* [TASK]:
Transcribe each line of the records below exactly, excluding any embedded images.

* [SUPPLIED DATA]:

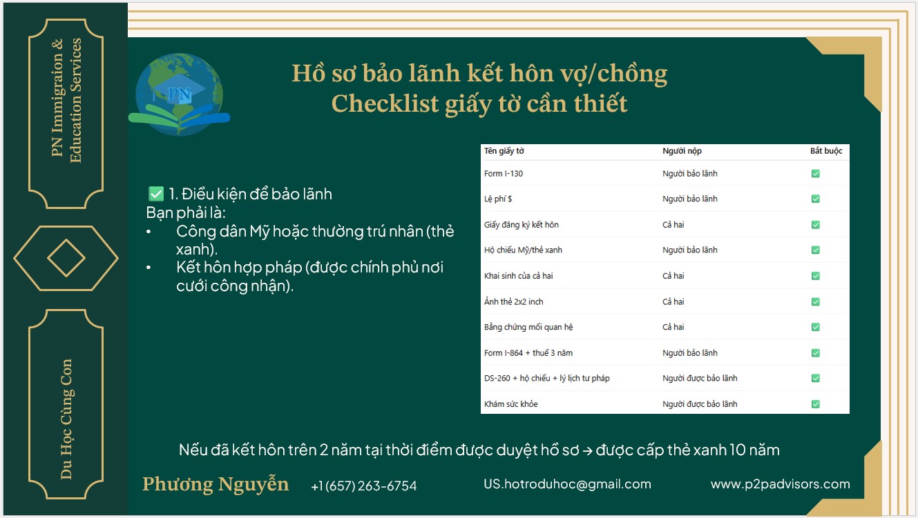 Để bảo lãnh vợ hoặc chồng sang Mỹ định cư theo diện hôn nhân, bạn cần chuẩn bị một bộ hồ sơ bảo lãnh di trú vợ/chồng đầy đủ, chính xác và có bằng chứng mối quan hệ thật sự.
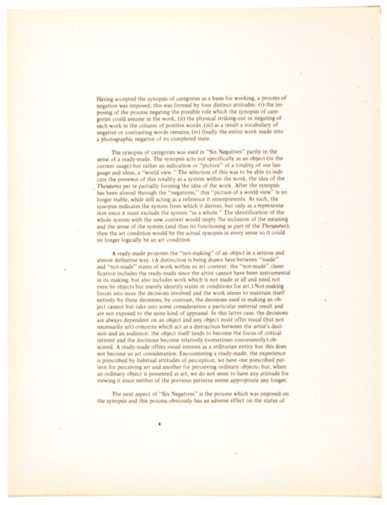 Ian Burn and Mel Ramsden were members of the loosely connected British collective Art & Language. The group, like the Conceptual Art movement of which it was a part, emerged in the late 1960s and emphasized the exploration of ideas over the creation of traditional art objects. The work produced by Art & Language was largely text-based and made frequent allusions to philosophy and linguistics. The emphasis on ideas rather than artists or objects led to the development of an aesthetic based on systems of administration. For Six Negatives, Burn and Ramsden wanted to eliminate the signs of their separate identities or individual hands and express a corporate, impersonal identity that would encourage the viewer to focus on the concepts presented. Using the organizational framework of Roget’s Thesaurus, they set out to create a six-part classification system for the examination of ideas. The resulting diagrams and text were photographically reproduced and are displayed in their negative form.
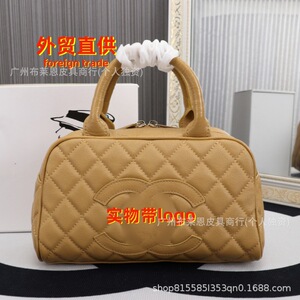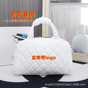 直供跨境复古小香风Logo保龄球包中古时尚百搭大容量手提单肩女包
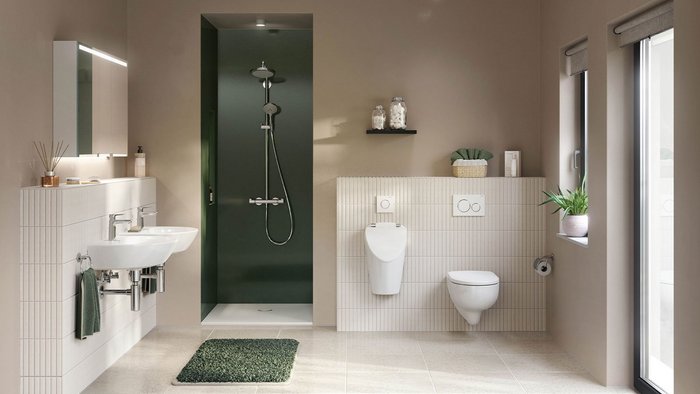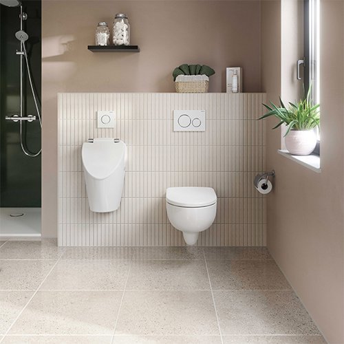Durchgängiges Designkonzept: Die Geberit Renova WC-Keramik mit TurboFlush harmoniert mit dem neuen Renova Urinal S. Passend dazu die Betätigungsplatte Geberit Sigma40 fürs WC und die Urinalsteuerung Typ 40 für das Urinal. Foto: Geberit
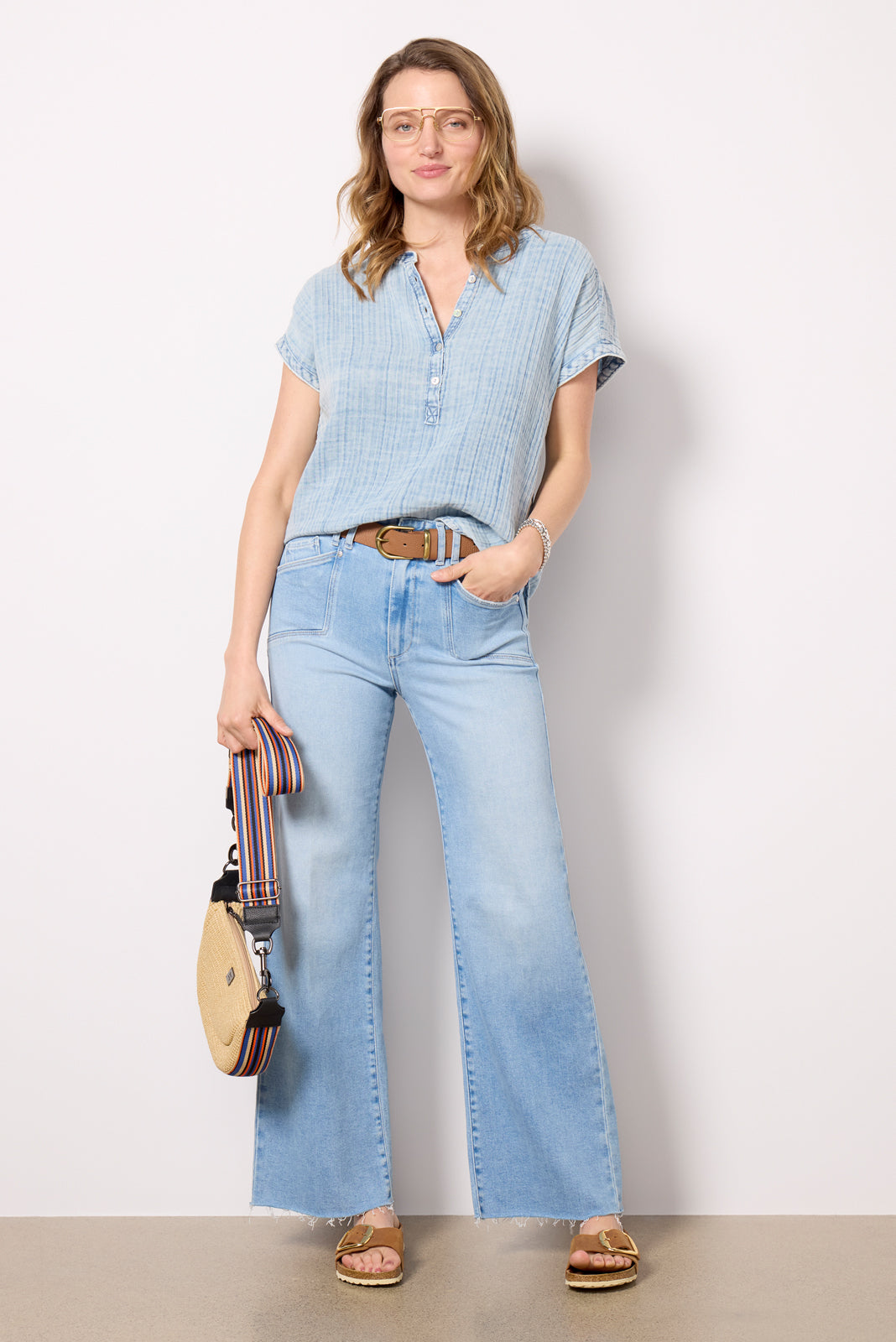 Crafted from organic cotton gauze. this breezy Faherty blouse?is perfect for spring-to-summer wardrobe. featuring?a half button placket. banded collar. and easy. relaxed fit that can be dressed up or down.
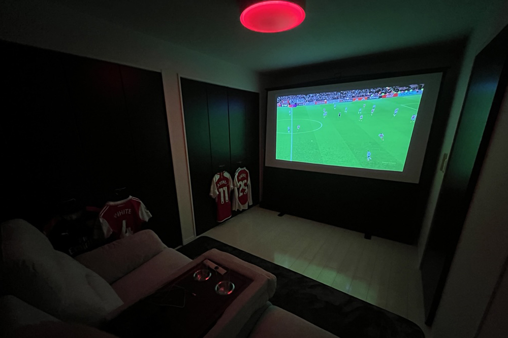 試合前には湯船にお湯をためてゆっくり浸かり、自宅に作ったプロジェクター付きのシアタールームで観戦します。この時間があるから、忙しい日々も頑張れるんです。
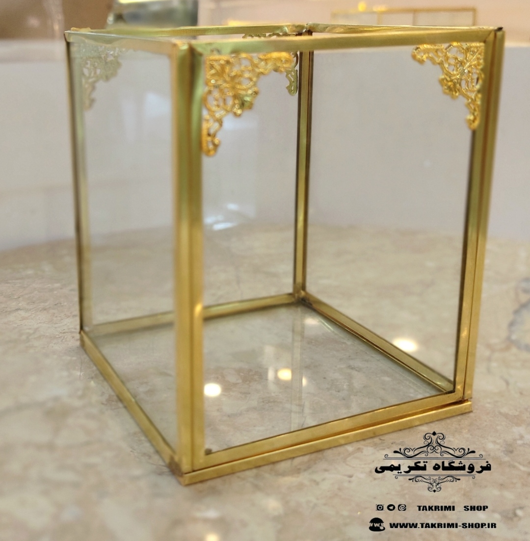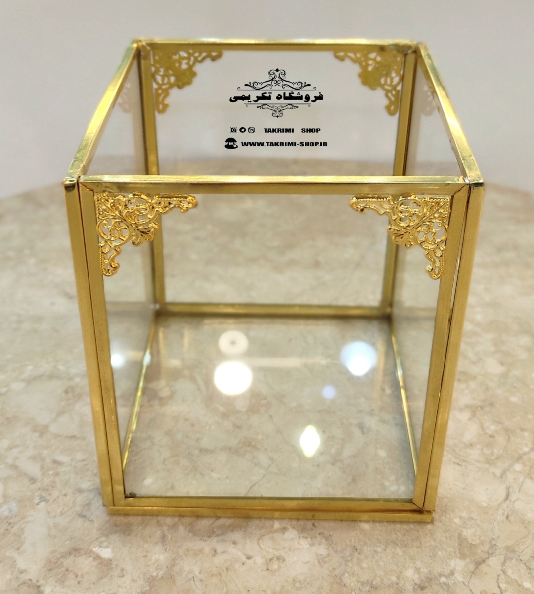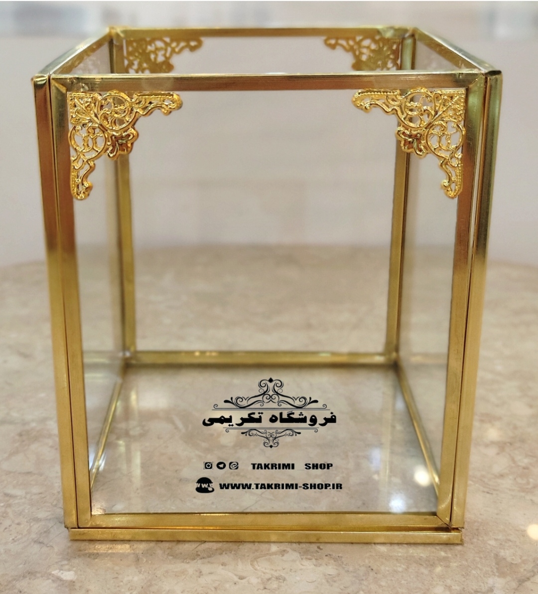 استند جابراشی جا براشی جای براشی لوازم آرایشی مداد باکس طلایی ( کوتاه ) شیشه ای برنجی
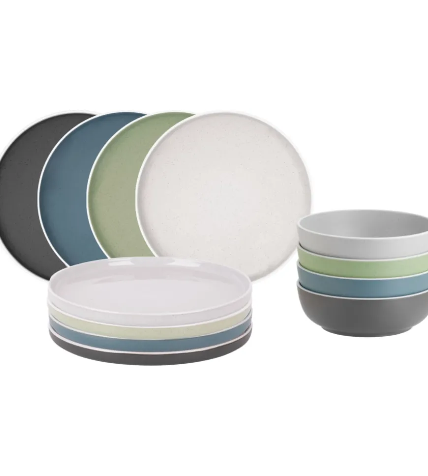 Set di stoviglie in melamina di alta qualità (12 pezzi). Tutti i pezzi sono dotati di sistema antislip.

* [COMPLETED EXERCISE]:
 Để bảo lãnh vợ hoặc chồng sang Mỹ định cư theo diện hôn nhân, bạn cần chuẩn bị một bộ hồ sơ bảo lãnh di trú vợ/chồng đầy đủ, chính xác và có bằng chứng mối quan hệ thật sự.
 Ian Burn and Mel Ramsden were members of the loosely connected British collective Art & Language. The group, like the Conceptual Art movement of which it was a part, emerged in the late 1960s and emphasized the exploration of ideas over the creation of traditional art objects. The work produced by Art & Language was largely text-based and made frequent allusions to philosophy and linguistics. The emphasis on ideas rather than artists or objects led to the development of an aesthetic based on systems of administration. For Six Negatives, Burn and Ramsden wanted to eliminate the signs of their separate identities or individual hands and express a corporate, impersonal identity that would encourage the viewer to focus on the concepts presented. Using the organizational framework of Roget’s Thesaurus, they set out to create a six-part classification system for the examination of ideas. The resulting diagrams and text were photographically reproduced and are displayed in their negative form.
 直供跨境复古小香风Logo保龄球包中古时尚百搭大容量手提单肩女包
Durchgängiges Designkonzept: Die Geberit Renova WC-Keramik mit TurboFlush harmoniert mit dem neuen Renova Urinal S. Passend dazu die Betätigungsplatte Geberit Sigma40 fürs WC und die Urinalsteuerung Typ 40 für das Urinal. Foto: Geberit
 Crafted from organic cotton gauze. this breezy Faherty blouse?is perfect for spring-to-summer wardrobe. featuring?a half button placket. banded collar. and easy. relaxed fit that can be dressed up or down.
 試合前には湯船にお湯をためてゆっくり浸かり、自宅に作ったプロジェクター付きのシアタールームで観戦します。この時間があるから、忙しい日々も頑張れるんです。
 استند جابراشی جا براشی جای براشی لوازم آرایشی مداد باکس طلایی ( کوتاه ) شیشه ای برنجی
 Set di stoviglie in melamina di alta qualità (12 pezzi). Tutti i pezzi sono dotati di sistema antislip.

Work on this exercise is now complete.